Excel Isn't Going Anywhere, So Let's Automate Parsing?It

Excel Isn't Going Anywhere, So Let's Automate Parsing?It

Introduction

Excel remains a significant part of our work lives. Despite modern tools and technologies, we frequently handle Excel files?—?particularly those filled in manually. Parsing these files manually is both time-consuming and challenging.

In this guide, I’ll share how I built a simple function that finds and extracts tables from messy Excel files using Python and Pandas. Best of all, you can adapt this method to work with Polars or any other DataFrame library.

Why automate Excel parsing? Three words: Efficiency, Consistency, Scalability.

Excel files, especially those filled out manually, can be unpredictable:

  • Tables starting at random positions
  • Headers in unexpected locations
  • Extra data scattered throughout sheets

Automating the parsing process ensures consistent data extraction, regardless of how messy the file is.

The Challenge

When receiving Excel files, you might encounter these challenges:

  • Tables starting at random positions, not cell A1
  • Empty rows and columns scattered throughout
  • Header rows in non-obvious locations

Additionally, each file from stakeholders might have a different structure than previous ones.

Our goal is to efficiently extract table data, focusing only on the columns we REQUIRE for analysis. In my experience, there’s just one crucial requirement for stakeholders: maintain consistent column names in the header.

The Solution

To handle Excel file parsing, I built a generic Python functions:

  1. log_issue()?—?to log any issues, comments I have about the file I received.
  2. find_excel_table()?—?to find the table inside the received Excel file and return as a DataFrame.
  3. format_issues_for_email?—?to convert the issues into human-readable text. I need it to send issues back to stakeholders and let them know which Excel files where rejected for parsing, and why.

The solution steps:

  1. Read Excel file.
  2. Search for the header row based on required column names.
  3. Extract the table starting from the header row.
  4. Handle any issues, such as missing columns, gracefully.
  5. Convert issues dictionary into human-readable text.
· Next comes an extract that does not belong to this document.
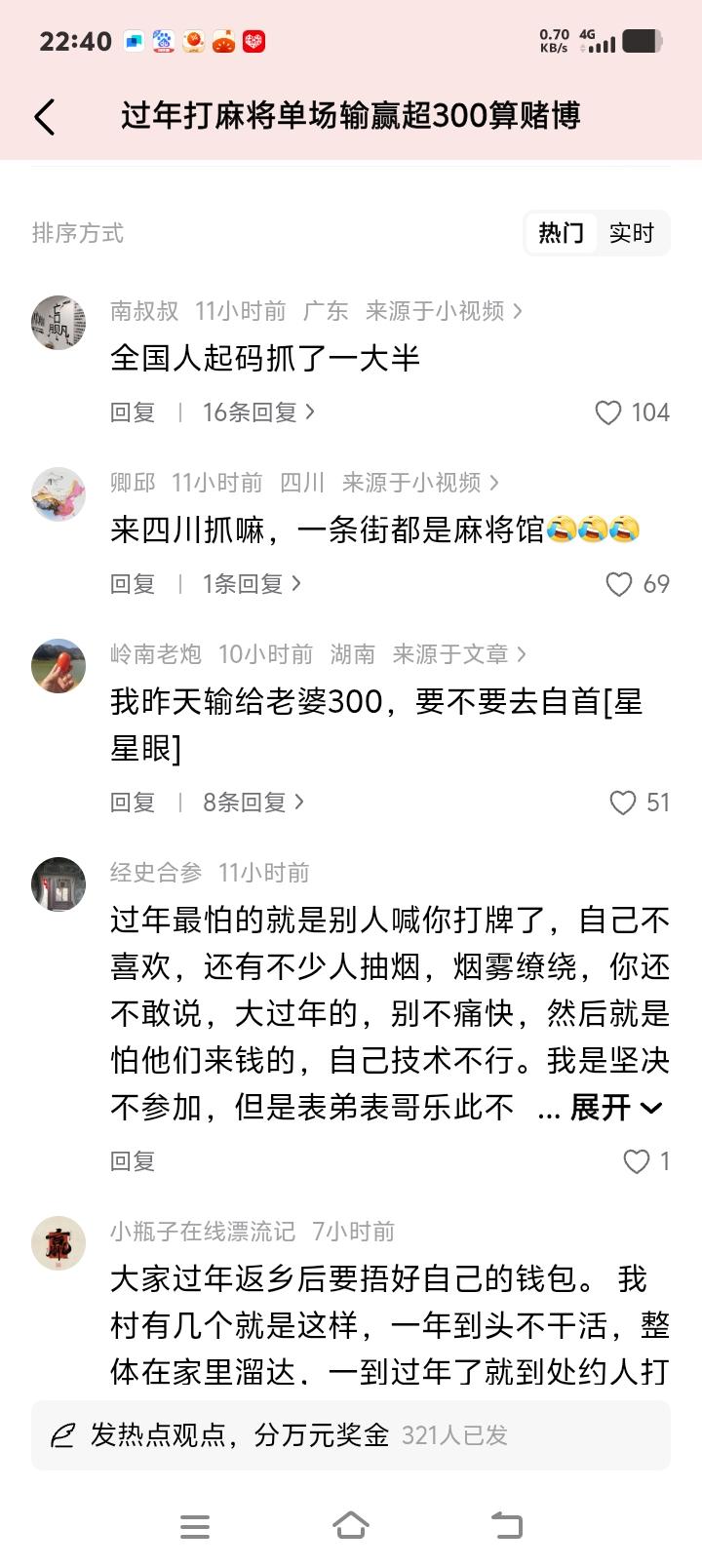 春节麻将桌成“雷区”?全国多地警方划出300元红线,已有家庭因“团圆局”变“派出所局”引热议! 春节的麻将声里,藏着多少家庭的欢笑与隐患?当亲友围坐牌桌,那张小小的四方桌竟成了法律与习俗的灰色地带。近日多地警方明确警示:单场输赢超300元可能被认定为赌博。这并非空穴来风,而是无数真实案例敲响的警钟——有人因一场“热闹”被罚款拘留,团圆夜瞬间蒙上阴影。 为何300元成了关键数字?背后是法律对“娱乐”与“赌博”的精准切割。法律并非不近人情,它理解团聚时需要一点彩头助兴,但更警惕善意变质的瞬间。当牌局从“图个开心”滑向“计较输赢”,甚至出现抽水、组织陌生人参与时,娱乐的边界便被悄然踏破。这300元红线,实则是守护亲情的最后防线。 许多人不解:“自家人的游戏,何必上纲上线?”但现实往往比想象更复杂。有网友透露,村里专有人年终设局,瞄准返乡打工人的积蓄;也有家庭因牌桌争执撕破脸皮,年味荡然无存。法律划出的不仅是金额界限,更是对人性贪婪的提前预警——当欲望越过理智,再小的赌注也可能演变成家庭裂痕。 各地执法标准的差异更需警惕。上海、安徽等地将红线划在200元,四川、湖北等地则参照300元执行。若你带着老家习惯异地拜年,很可能无意间踩雷。这提醒我们:真正的安全不是侥幸,而是主动了解规则。团圆的意义在于相聚的温度,而非牌桌的输赢额度。 警方春节重点巡查棋牌室、农家院,绝非小题大做。曾有案例显示,一场400元的亲友局被查后,当事人不仅面临罚款,更留下违法记录,影响子女政审。法律的无情背后,是对更多家庭幸福的守护——它用强硬手段遏制可能蔓延的赌风,保护那些容易被亲情绑架的“老实人”。 网友调侃“来四川抓赌得借调五省警力”,却折射出普遍心态:认为法不责众。但正是这种集体无意识,最易酿成个体悲剧。当我们把法律底线视为“扫兴”,是否忘了那些因赌博倾家荡产的惨痛教训?娱乐的快乐应当轻盈,而非背负违法风险的重压。 这个春节,不妨重新定义团圆。放下对输赢的执着,拿起茶杯聊聊家常,孩子的欢笑比麻将碰撞更动听。若真要摸两圈,请牢记:控制金额、拒绝抽水、仅限亲友。让牌桌止于欢声笑语,终于温情拥抱——毕竟,我们追求的是记忆里的年味,而非案底上的污点。 (来源:综合公安部治安管理局、多地警方通报及公开案例整理) 春节警示 麻将红线

Here are the functions I use, and we’ll break them down step by step.

import pandas as pd
from typing import List, Tuple, Optional

# Helper function to log issues
def log_issue(issues: List[str], message: str):
    """Append an issue message to the issues list."""
    issues.append(message)

# Main function to find and extract the table
def find_excel_table(
    xls_file_path: str, required_columns: List[str], sheet_name: str="Sheet1"
) -> Tuple[Optional[pd.DataFrame], List[str]]:
    """Identify and extract the table with required columns from an Excel sheet."""
    issues = []

    try:
        # Read the entire Excel sheet
        df = pd.read_excel(
            xls_file_path, sheet_name=sheet_name, engine="openpyxl", dtype=str
        )
        print("Excel file read successfully.")
    except Exception as e:
        log_issue(issues, f"Error reading Excel file '{xls_file_path}': {e}")
        return None, issues

    header_row_index = None
    # Iterate over each row to find the header
    for idx, row in df.iterrows():
        row_values = [
            str(x).strip() for x in row.tolist()
            if str(x).strip() != "" and str(x).strip().lower() != "nan"
        ]
        if set(required_columns).issubset(set(row_values)):
            header_row_index = idx
            print(f"Header found at row index: {header_row_index}")
            break

    if header_row_index is None:
        log_issue(issues, "Required columns not found in any row.")
        return None, issues

    # Slice the DataFrame starting from the header row
    df = df.iloc[header_row_index:].reset_index(drop=True)
    df.columns = df.iloc[0]  # Set the first row as header
    df = df[1:]  # Remove the header row from data

    # Return only the required columns
    return df[required_columns], issues        

Step-by-Step Breakdown

Import Necessary Libraries

We start by importing Pandas and typing tools for type hints. I love using type hints, they make my code more readable and easy to understand both for developers and linters.

import pandas as pd
from typing import List, Tuple, Optional        

Helper Function to Log?Issues

This function collects any issues encountered during the parsing process.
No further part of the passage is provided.